Dear Biostars, I need your help please,
I am new to genome wide association studies, and now i am struggling with this issue: I have around 150 samples, of RNA sequences. I clean the data and called variants ... based on GATK workflow. Then, kept the variants with max 3% missingness in the samples. I ended up with 20,000 high quality variants. This just to give you a background about the project!
Here is the issue: I used plink (2 and also tried 1.9) I got some good pvalues, but the problem is that when add --adjust to calculate FDR, I found that it is almost 1 for all
here are the header of my file
UNADJ GC BONF HOLM SIDAK_SS SIDAK_SD FDR_BH FDR_BY
8.39E-05 9.38E-05 1 1 0.767967 0.767967 0.986743 1
0.000556724 0.000607716 1 1 0.999939 0.999939 0.986743 1
0.000935481 0.00101439 1 1 1 1 0.986743 1
0.00112283 0.00121471 1 1 1 1 0.986743 1
Please help!
It can be that you have nothing significant in the dataset - that's how it is supposed to look if there is nothing there.
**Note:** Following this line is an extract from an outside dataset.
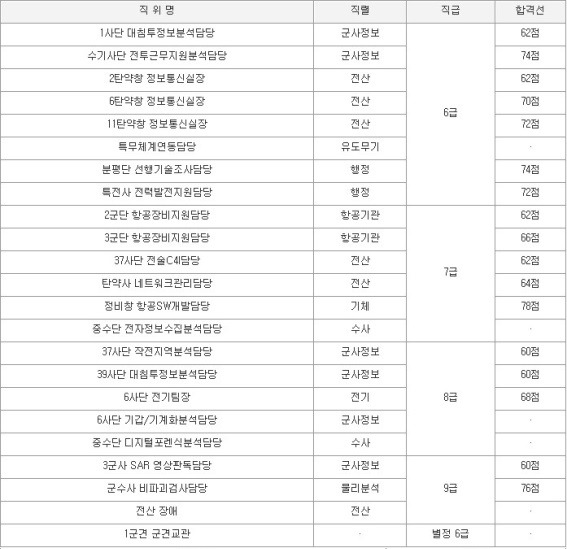 3) 육군 군무원 경채(경력경쟁채용) 합격선

You can extract p-values and perform fdr correction in R and compare results with what you see to check if the correction was adequate.
Thanks for your reply.
The problem is that i have significant pvalue using logistics regression model or chi-square, around 1e-5. but when adjust and calculate FDR, it is one. I believe that it shouldn’t be different that much. If there is nothing significant why logistics regression pvalue suggests e-5! Regards
Considering the number of SNPs in a typical GWAS, we usually defined SNPs with 5e-8 as significant. As yours only go to e-5, it is not too surprising that you've no signal after adjustment.
Thanks for your reply. Just to add one point, i have RNA. So we are having less variants (for expressed genes). So this may cause that problem.
Your answer explain the issue partially, many thanks
Yeap, I simulated 20.000 p-values (which is uniformly distributed under 0 hypothesis) and the minimum was 8.5e-05 - which is of order of your number, but is totally random under independence hypothesis - so I would not worry much about raw p-values at all.